Most researchers consider the problem of computing the vector $\underline{x}$ such that $$ (\alpha P + (1-\alpha)ve^T)\underline{x} = \underline{x}, $$ as an example of an eigenvalue problem. However, since the eigenvalue of $1$ is known, we can also treat it as the following linear system to solve: $$ (I - \alpha P)\underline{x} = (1-\alpha)v, $$ where we used the fact that $e^T\underline{x} = 1$. Page's suggestion is equivalent to computing the vector $\underline{x}$ via the iteration: $$ x^{(k+1)} = \alpha P \underline{x}^{(k)} + (1-\alpha)v, \qquad x^{(0)} = (1,\ldots,1)^T/N. $$ This iteration is the power iteration (if thought as the eigenvalue problem $(\alpha P + (1-\alpha)ve^T)\underline{x} = \underline{x}$) and Richardson's iteration (if thought as the linear system $(I - \alpha P)\underline{x} = (1-\alpha)v$).
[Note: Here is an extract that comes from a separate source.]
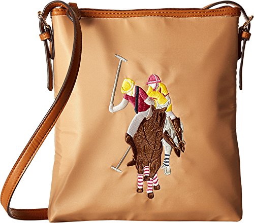 Top-zip closure. Adjustable cross-body strap. Exterior features embroidered brand logo at front and back-zip pocket. Interior features zip pocket and multi-slip pockets. Lined. Imported.

Let $0<\alpha<1$ and consider the error $\underline{x}-\underline{x}^{(k+1)}$:

$$ \underline{x} - \underline{x}^{(k+1)} = \alpha P \underline{x} + (1-\alpha)v - \left(\alpha P \underline{x}^{(k)} + (1-\alpha)v\right) = \alpha P\left(\underline{x} - \underline{x}^{(k)}\right) = \cdots = \alpha^k P^k\left(\underline{x} - \underline{x}^{(0)}\right). $$Therefore, the iteration for finding $\underline{x}$ converges geometrically as $k\rightarrow\infty$. The implementation is simple too.

In [3]:

```
function PageRank( P::Matrix, α::Number, v::Vector )
# Rank pages in the web, given by $P$, with a teleporting parameter of α.
n = size(P,1)
x = ones(n)/n
maxIter = ceil(Int,log(eps(Float64))/log(α))
for k = 1:maxIter
x = α*(P*x) + (1-α)*v
end
return x
end
```

Out[3]:

In [4]:

```
α = .85
N = 10
P = rand(N,N)
P = P./sum(P,1)
v = ones(N)/N
x = PageRank(P, α, v)
```

Out[4]:

A dangling webpage is one without any outgoing links. If the surfer lands on such a page, then we will magically teleport to another webpage on the internet. We write $$ (\alpha P + \alpha D + (1-\alpha)ve^T)\underline{x} = \underline{x}, \qquad v = (1,\ldots,1)^T/N $$ where $D = ve_{\text{hanging}}^T$ and $e_{\text{hanging}}$ is a vector such that the $j$th entry is $1$ if the $j$th webpage is dangling. We modify our code below to deal with dangling webpages.

In [5]:

```
function PageRankDangling( P::SparseMatrixCSC, α::Float64, v::Array{Float64,1} )
# Rank pages in the web, given by $P$, with a teleporting parameter of α. A matrix "D" is calculated
# to treat dangling webpages.
n = size(P,1)
s = sum(P,1)
P = P./s
eDangling = ( s[:] .== 0 )
x = ones(n)/n
# Richard's iteration to solve (αP + αD + (1-α)ve^T)x = x:
maxIter = ceil(Int,log(eps(Float64))/log(α))
for k = 1:maxIter
x = α*(P*x) + α*(dot(eDangling,x)*v) + (1-α)*v
end
return x
end
```

Out[5]:

In [6]:

```
using PyPlot
srand(1234)
n = 5000
α = .85
P = sprand(Bool, n, n, 10/n) # adjacency of outgoing links
v = ones(n)/n
@time x = PageRankDangling(P, α, v)
s = sortperm( x )
println("Top-ranking webpages: ",flipdim(s[end-9:end],1))
```

We note that we can store $P$ as $P = GS$, where $G$ is a $0$-$1$ matrix and $S$ is diagonal. While $Px$ costs $nnz(P)$ additions and $nnz(P)$ multiplications, $G(Sx)$ costs $N$ multiplications (for $Sx$) and $nnz(P)$ additions for $G*(Sx)$.

In [7]:

```
function PageRankDangling_improvement( P::SparseMatrixCSC{Bool,Int64}, α::Float64, v::Array{Float64,1} )
# Rank pages in the web, given by $P$, with a teleporting parameter of α. A matrix "D" is calculated
# to treat dangling webpages.
n = size(P,1)
s = sum(P,1)[:]
# Normalize P and catch dangling webpages:
eDangling = ( s .== 0 )
x = ones(n)/n
# Richard's iteration to solve (αP + αD + (1-α)ve^T)x = x:
for k = 1 : ceil(Int,log(1e-6)/log(α))
x = α*(P*(x./s)) + (α*(dot(eDangling,x)-1) + 1)*v
end
return x
end
```

Out[7]:

In [8]:

```
srand(1234)
n = 100000
α = .85
P = sprand(Bool, n, n, 10/n) # adjacency of outgoing links
v = ones(n)/n
@time x = PageRankDangling_improvement(P, α, v)
s = sortperm( x[:] )
println("Top-ranking webpages: ",flipdim(s[end-9:end],1))
```

Larry Page co-founded Google Inc. with Sergey Brin in 1998. His PhD at Stanford was on understanding the internet and while studying this he came up with the beginnings of Google's PageRank algorithm.